Freiwillige Gerichtsbarkeit

Published by under Allgemein

Ganz so freiwillig ist der Staatsservice nicht, wenn sich der souveräne Staatsbürger der freiwilligen Gerichtsbarkeit unterwirft. Beispiel: Wir melden eine Satzungsänderung im Registergericht an. Da müssen wir zunächst einmal alle Dokumente zusammentragen, die seit hundert Jahren notwendig sind, um sich der freiwilligen Gerichtsbarkeit zu unterwerfen. Diese Dokumente schleppen wir nicht zum Gericht, denn das Gericht spricht nicht mit dem souveränen Bürger persönlich. Wir müssen es zu einem Notar schleppen.

Dieser Notar ist jetzt keineswegs eine Garantie dafür, dass nur Dokumente eingereicht werden, die die angelernte Rechtspflegerin beim Gericht auch sehen will. Aber: Es wird zunächst einmal eine Rechnung gestellt. Das heißt: Der Transport der Dokumente kostet erst einmal Notarsgebühr.

Jetzt dürfen wir warten, bis die Rechtspflegerin eine Rechtsmeinung zu unserem Konvolut ermittelt hat. Diese Rechtsmeinung bleibt das Geheimnis des Gerichts, bis sich einer unserer Rechtsvertreter direkt an das Registergericht wendet. Frage: Liebes Registergericht, warum dauert das so lange?

Die Nachfrage endet damit, dass das Registergericht zu der Zeit keine Person hat, die sich mit Genossenschaftsrecht auskennt. Dies will das Registergericht aber nicht nach außen kommunizieren, sondern schweigt. Auf Nachfrage werden dann Mängel moniert, die einzig und allein in der Unkenntnis des Gerichts begründet sind. Unser Rechtsvertreter muss dort die Unkenntnis aus dem Gehirn schütteln.

Jetzt droht, dass das Gericht dem unterwürfigen Freiwilligen nun eine Eintragung ins Register verkünden müsste, aber da ist der Gott der Datensicherheit vor. Aufgrund der Verfahren, die seit hundert Jahren vom Gericht angewendet wurden, ist nun auf einmal das Problem aufgetaucht, dass das Gericht die Übersicht über die tatsächlich gültigen Satzungen verloren hat. Mit derben Wortschwällen versehen und mit der Drohung wegen der langen verstrichenen Zeit die Eintragung ins Register zurückzuweisen, wird nun die aktuell gültige Satzung verlangt.

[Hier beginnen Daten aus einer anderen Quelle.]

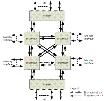 Последовательная кэш-когерентная шина типа точка-точка для соединения процессоров между собой и с чипсетом.

Dieses Dokument ist elektronisch einzureichen. Das könnte man selber machen, aber es wird empfohlen, dieses Dokument über den Notar einzureichen. Das kostet erstens wieder Gebühren und zweitens dauert es länger.

Für mich bedeutet freiwillige Gerichtsbarkeit nur eines: Gebührenmaschine zur Versorgung Unfähiger. Unfähige Juristen und deren Gehilfen. Der souveräne Bürger ausgenommen wie eine Weihnachtsgans. Jeder Politiker weiß es, denn die meisten Politiker sind Juristen. Und weil sie das wissen, tun sie nichts dagegen. Die Reichsdünkelverordnung verbietet es.